# Context caching with Gemini
Supported in ADKPython v1.15.0Java v0.1.0
When working with agents to complete tasks, you may want to reuse extended
instructions or large sets of data across multiple agent requests to a
generative AI model. Resending this data for each agent request is slow,
inefficient, and can be expensive. Using context caching features in generative
AI models can significantly speed up responses and lower the number of tokens
sent to the model for each request.
The ADK Context Caching feature allows you to cache request data with generative
AI models that support it, including Gemini 2.0 and higher models. This document
explains how to configure and use this feature.
## Configure context caching
You configure the context caching feature at the ADK `App` object level,
which wraps your agent.
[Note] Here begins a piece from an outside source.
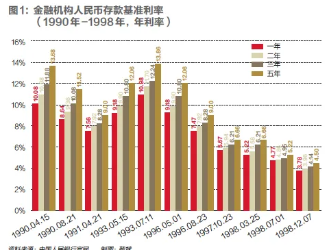 根據中國人民銀行數據,1993年時一年期存款的利率就高達10%以上,三年期存款利率為12.24%(見圖1)。彼時,高利率同步對應宏觀經濟週期的高通脹,為了吸引儲戶存款,銀行甚至推出 “保值儲蓄”,並加送大禮包。

Use the `ContextCacheConfig` class to configure
these settings, as shown in the following code sample:
=== "Python"
```python
from google.adk import Agent
from google.adk.apps.app import App
from google.adk.agents.context_cache_config import ContextCacheConfig
root_agent = Agent(
# configure an agent using Gemini 2.0 or higher
)
# Create the app with context caching configuration
app = App(
name='my-caching-agent-app',
root_agent=root_agent,
context_cache_config=ContextCacheConfig(
min_tokens=2048, # Minimum tokens to trigger caching
ttl_seconds=600, # Store for up to 10 minutes
cache_intervals=5, # Refresh after 5 uses
),
)
```
=== "Java"
```java
import com.google.adk.agents.BaseAgent;
import com.google.adk.agents.ContextCacheConfig;
import com.google.adk.apps.App;
import java.time.Duration;
// Create the app with context caching configuration
App app = App.builder()
.name("my-caching-agent-app")
.rootAgent(rootAgent)
.contextCacheConfig(
new ContextCacheConfig(
5, /* cache_intervals (max invocations) */
Duration.ofMinutes(10), /* ttl */
2048 /* min_tokens */))
.build();
```
## Configuration settings
The `ContextCacheConfig` class has the following settings that control how
caching works for your agent. When you configure these settings, they apply to
all agents within your app.
- **`min_tokens`** (int): The minimum number of tokens required in a request
to enable caching. This setting allows you to avoid the overhead of caching
for very small requests where the performance benefit would be negligible.
Defaults to `0`.
- **`ttl_seconds`** (int): The time-to-live (TTL) for the cache in seconds.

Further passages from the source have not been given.